[EXCERPTED RECORDS]
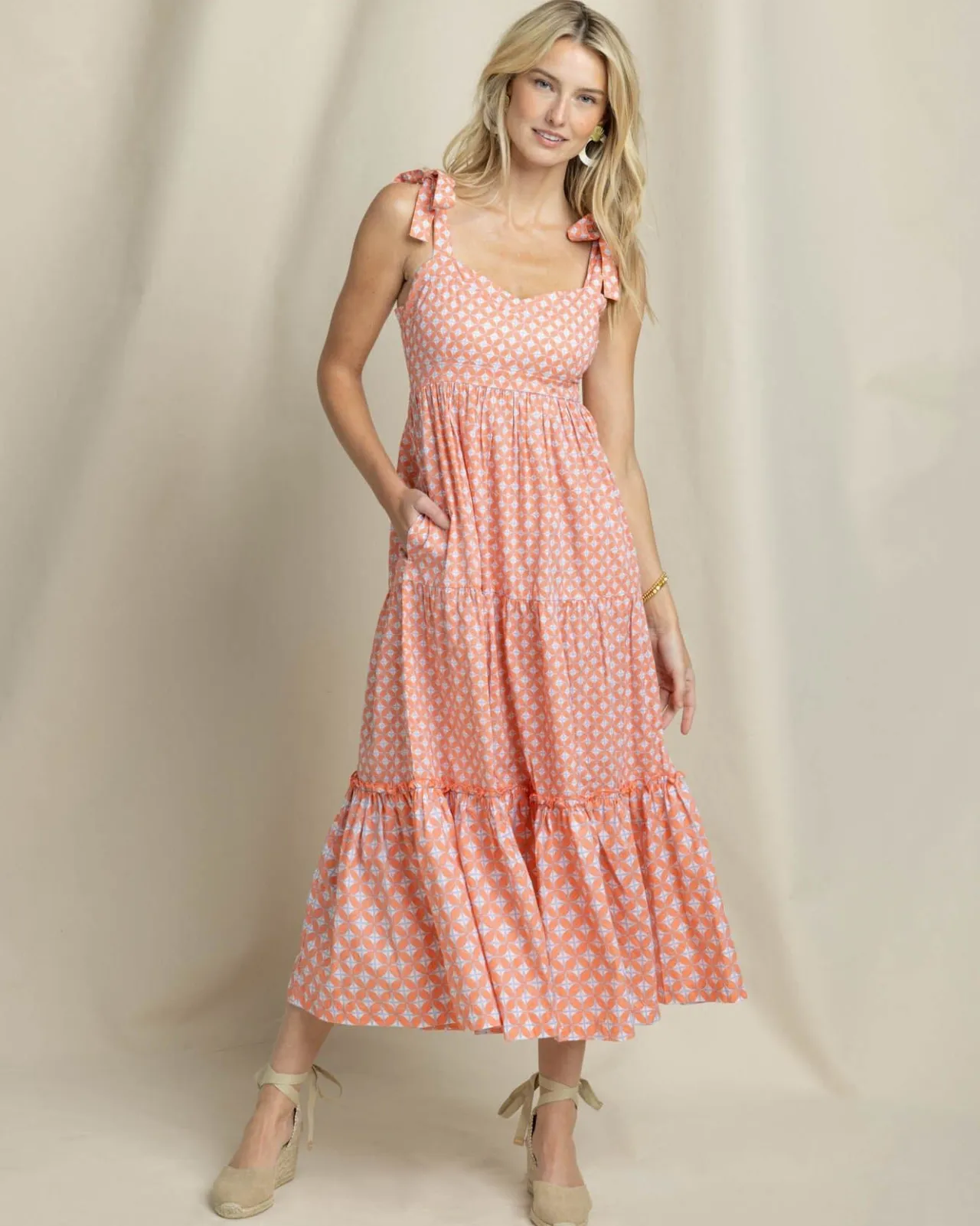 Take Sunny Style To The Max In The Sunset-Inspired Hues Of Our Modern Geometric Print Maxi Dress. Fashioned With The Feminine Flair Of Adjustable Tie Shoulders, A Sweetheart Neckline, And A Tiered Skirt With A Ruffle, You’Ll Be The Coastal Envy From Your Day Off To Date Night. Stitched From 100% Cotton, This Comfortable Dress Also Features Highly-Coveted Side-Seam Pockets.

---

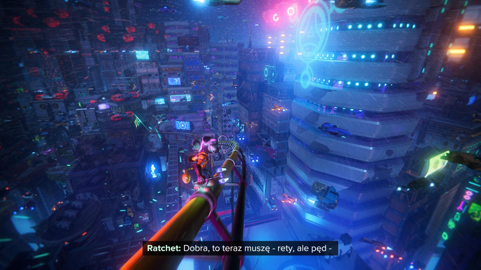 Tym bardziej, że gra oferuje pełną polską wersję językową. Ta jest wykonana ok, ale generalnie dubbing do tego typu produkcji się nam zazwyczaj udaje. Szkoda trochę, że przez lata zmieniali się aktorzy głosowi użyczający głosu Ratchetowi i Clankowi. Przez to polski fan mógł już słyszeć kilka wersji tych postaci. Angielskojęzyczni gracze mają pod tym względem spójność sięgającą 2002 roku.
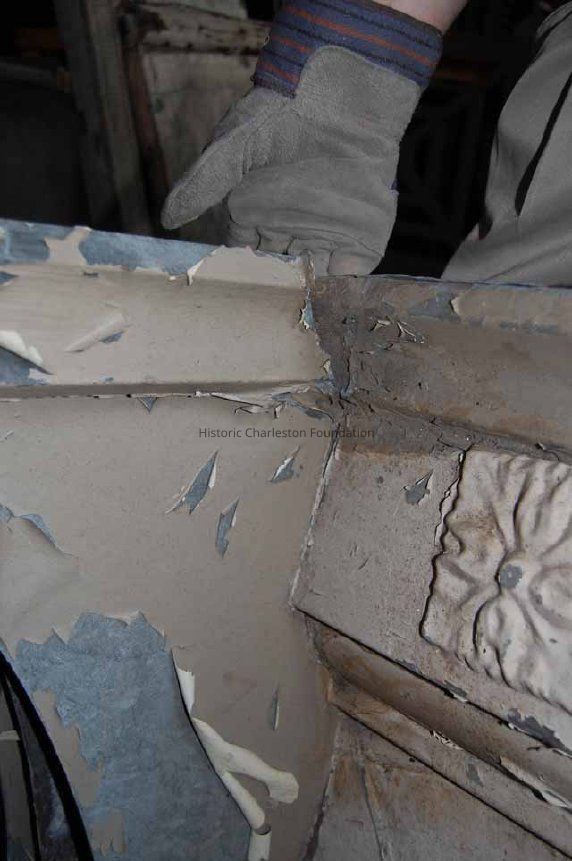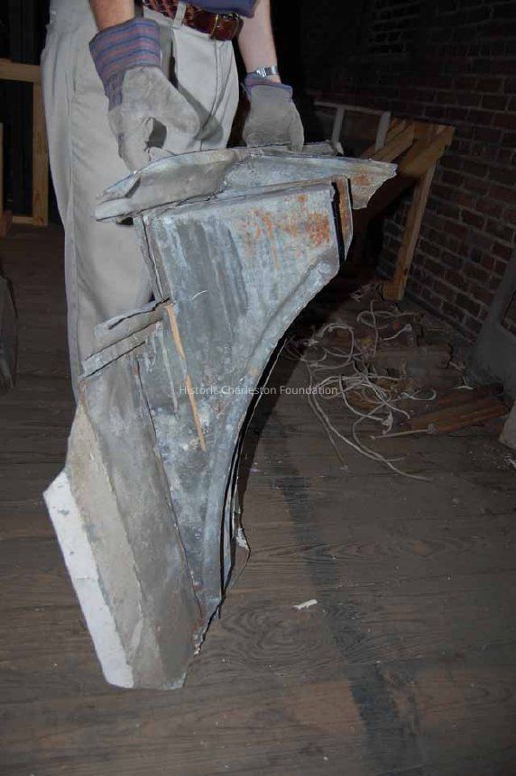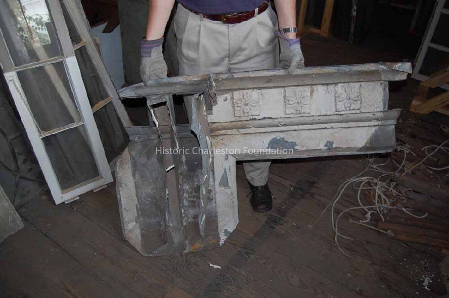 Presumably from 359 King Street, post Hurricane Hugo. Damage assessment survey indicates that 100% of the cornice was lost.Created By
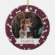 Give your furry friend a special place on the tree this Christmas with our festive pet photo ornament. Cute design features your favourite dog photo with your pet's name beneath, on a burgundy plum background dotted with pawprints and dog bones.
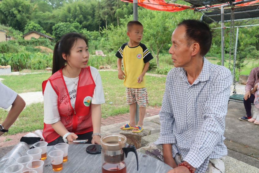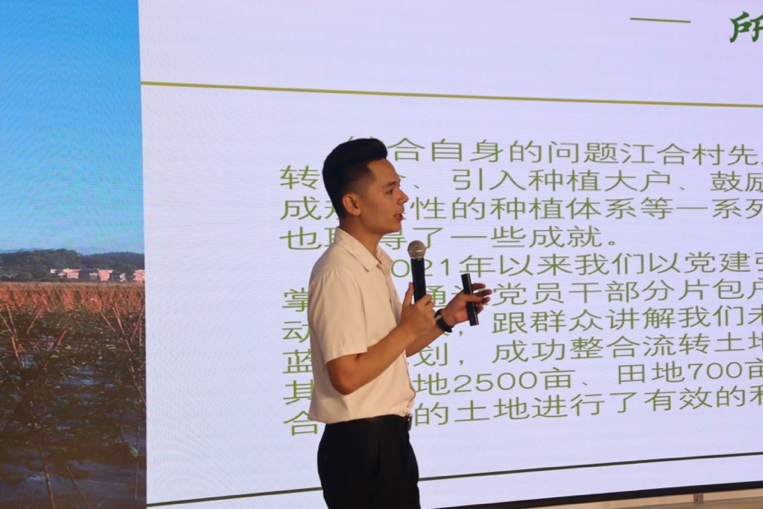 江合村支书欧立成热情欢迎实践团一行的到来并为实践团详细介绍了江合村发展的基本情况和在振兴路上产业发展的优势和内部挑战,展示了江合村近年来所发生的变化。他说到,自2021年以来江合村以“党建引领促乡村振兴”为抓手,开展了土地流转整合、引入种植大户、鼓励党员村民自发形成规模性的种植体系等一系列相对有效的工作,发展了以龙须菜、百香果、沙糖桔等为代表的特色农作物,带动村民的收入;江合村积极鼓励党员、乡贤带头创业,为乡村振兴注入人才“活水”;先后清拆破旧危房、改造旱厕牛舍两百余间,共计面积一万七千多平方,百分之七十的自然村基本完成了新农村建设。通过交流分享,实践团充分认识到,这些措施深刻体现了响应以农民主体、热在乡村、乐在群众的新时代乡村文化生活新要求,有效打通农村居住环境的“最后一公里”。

[REQUIREMENT]
Find the line with "Tym bardziej, że" and the line with "Presumably from 359" in the records above. Copy both and all lines between them exactly, without pictures.

[RESPONSE TO THIS TASK]
 Tym bardziej, że gra oferuje pełną polską wersję językową. Ta jest wykonana ok, ale generalnie dubbing do tego typu produkcji się nam zazwyczaj udaje. Szkoda trochę, że przez lata zmieniali się aktorzy głosowi użyczający głosu Ratchetowi i Clankowi. Przez to polski fan mógł już słyszeć kilka wersji tych postaci. Angielskojęzyczni gracze mają pod tym względem spójność sięgającą 2002 roku.
 Presumably from 359 King Street, post Hurricane Hugo. Damage assessment survey indicates that 100% of the cornice was lost.Created By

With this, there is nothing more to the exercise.